In the Yahoo matter, a data breach of 3 billion users of the United States and Israel has been leaked and the breach includes the names, email addresses, phone numbers, date of birth, and hashed passwords. That breach incident took place in the years 2013 and 2014 per contra the disclosure of the same was made only in the year 2016. In the said matter Yahoo was fined to the tune of $35 million by the Securities and Exchanges Commission and a settlement of $117.5 million has been made before the Court.

Breach at Equifax

Further, in the Equifax data breach matter the incident took place in the year 2017 which ultimately affected 147 million consumers. This breach has compromised sensitive personal and financial information including social security numbers, birth dates, addresses, and some driver’s licence and credit card numbers. This data breach resulted in multiple class action lawsuits and government investigations. This matter resulted in a settlement of around $700 million, including the restitution for affected consumers.

Breach at MOVEit

We cannot ignore the recent data breach that happened in MOVEit, a business unit of progress software, by a ransomware group that discovered the vulnerability in 2021. The breach affected organisations across industries that included government agencies, British Airways, British Broadcasting Corporation (BBC), Ernst & Young, the US Department of Energy, and other major companies. This breach has resulted in multiple class action suits and investigations which are pending before the courts.

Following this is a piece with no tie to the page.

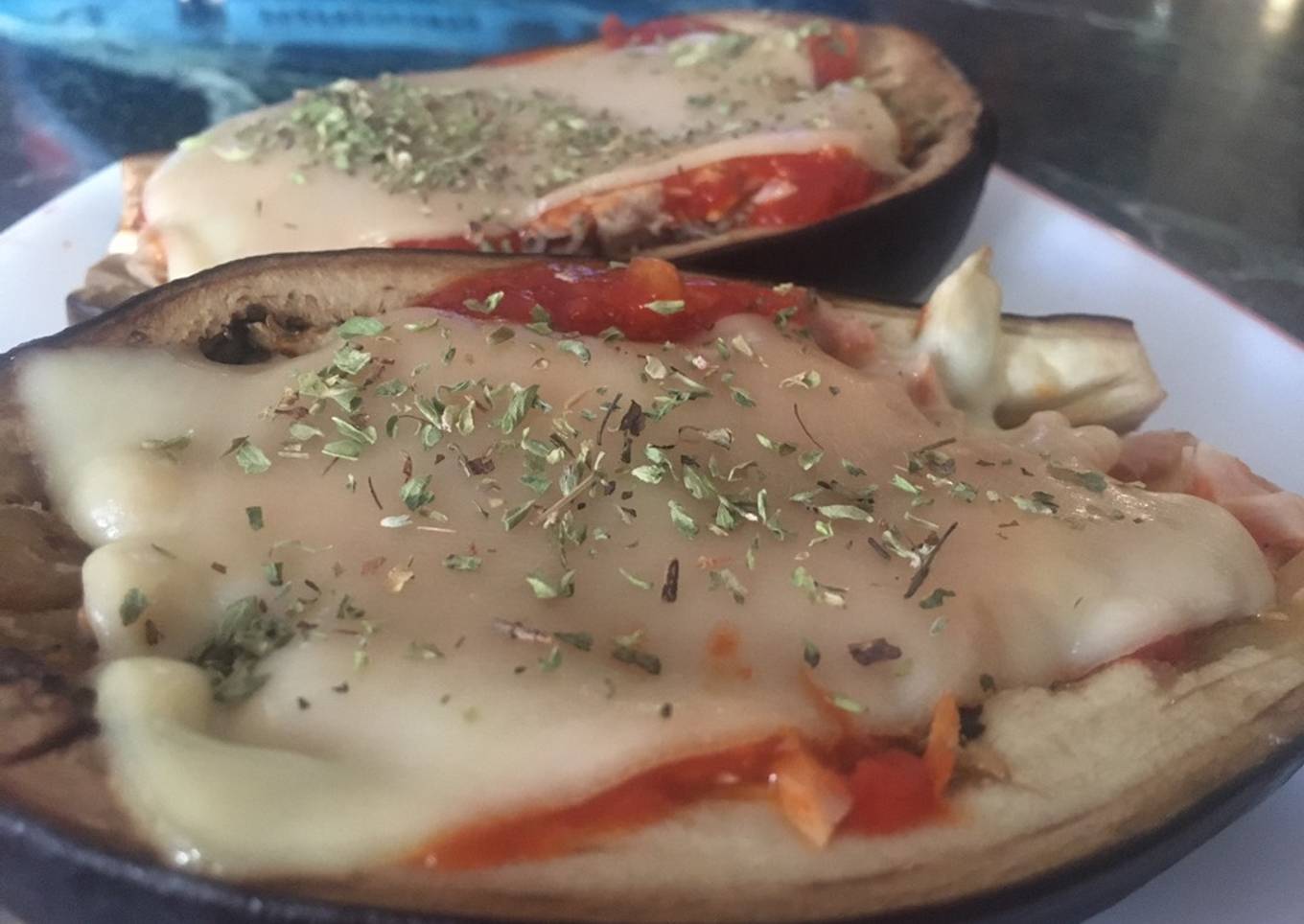 - Coloca el queso al gusto sobre la salsa e introduce las berenjenas de nuevo en el microondas en modo gratinado, si es posible, durante 1min o hasta que el queso se derrita un poco.
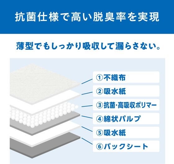 吸水力が高くおしっこの広がりや臭いを抑える使い捨てタイプの薄型防水シーツです。

It can be seen that the courts in the USA have been harsh on the companies in default and also remedies the affected customers where possible. Such measures will invariably drive the companies to be vigilant about the security of their customers’ data.

Moving forward

It becomes evident that the application of law comes into play after the investigation is complete in information security breach cases. Efficient and effective investigation is the most crucial step in such cases. Such forensic investigation reports guide courts in understanding the underlying cause for the breach and form the basis for identifying liable parties and applying the laws in force. It would also be a very good practice to make the investigation report public, especially the parts that discuss the existing vulnerability that was exploited leading to the breach, as it would allow others to step-up their security systems.

To guide the court through technical complexities in the investigation report, appointing an amicus curiae who has subject-matter expertise may go a long way in reducing the burden on the system and will aid in rendering justice. In fact, this may be required in all major information technology-related issues. In the authors’ opinion, the SHAI case had the possibility of becoming a precedent on how future data breach cases may be handled. If India were to become a technological hub in the coming years, it is time our courts start laying down strong legal foundations to support future technological advancements.